My Diaper Diary

All posts in the My Diaper Diary category

Heading back in… with a plan!

Published July 20, 2015 by diaperedgirl

Hey everyone! I know it has been a long time, and I do apologize for being out of touch. With summer around, I have rarely been in diapers, and as such haven’t really had much if anything to write about. I’m writing this post though, to let everyone know that soon I will be returning to full-time diapers. I don’t make this decision lightly, it is something I have been thinking about, and I really think it would be for the best. As of August 31, the first day of class starting back up, I will be in diapers full-time, no longer using the toilet except for going #2.

Lately I’ve been using the Tranquility brand, trying both the Slimline and the ATNs. While both are nice, due to the additional bulk, I think once I’ve used them up, I will stick with the Tranquility Slimlines. Have any of you used them before? While I do have some clothes that work with these diapers, since this is going to be more than just a few weeks in diapers, I plan on also doing some clothes shopping to work over my wardrobe. I figure I’ll get a few skirts/dresses that go well with them, but mainly making sure my jeans/pants will not show off my diapers.

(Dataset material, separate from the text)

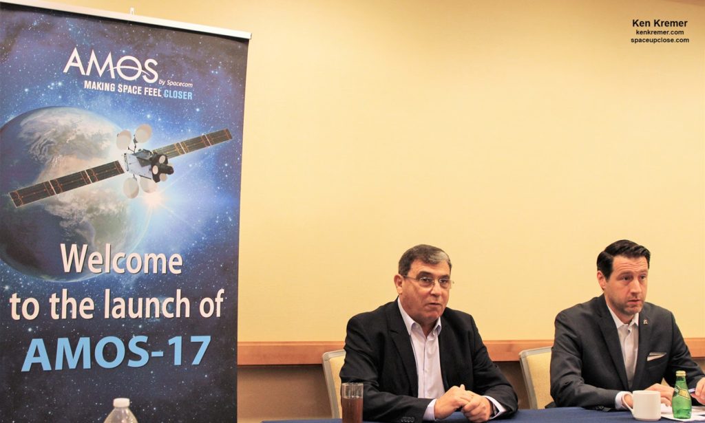 media briefing Aug. 2, 2019 with David Pollack, Spacecom CEO; and Chris Johnson, Boeing President, Satellite Systems International. Credit: Ken Kremer/kenkremer.com/spaceupclose.com |

I suppose though, you are all wondering why I’m choosing to go back, especially since I haven’t posted lately. Diapers have done a number of things for me. They make it easier to relax, even when I’m already relaxing, especially when playing videogames or watching Netflix. They are also just very soft and comfy whether when walking around or laying in bed. A big thing though is while I was taking my class last spring, I came to the realization that being in diapers when in class and when doing homework helped me concentrate more. Not having to think about or worry about when I needed to pee made things easier, if even just for a little bit. I figure if not thinking about when I go or holding it helps, then the best way to make that happen is to stay diapered all the time. This will allow both my body and mind to more easily/quickly get used to just going automatically.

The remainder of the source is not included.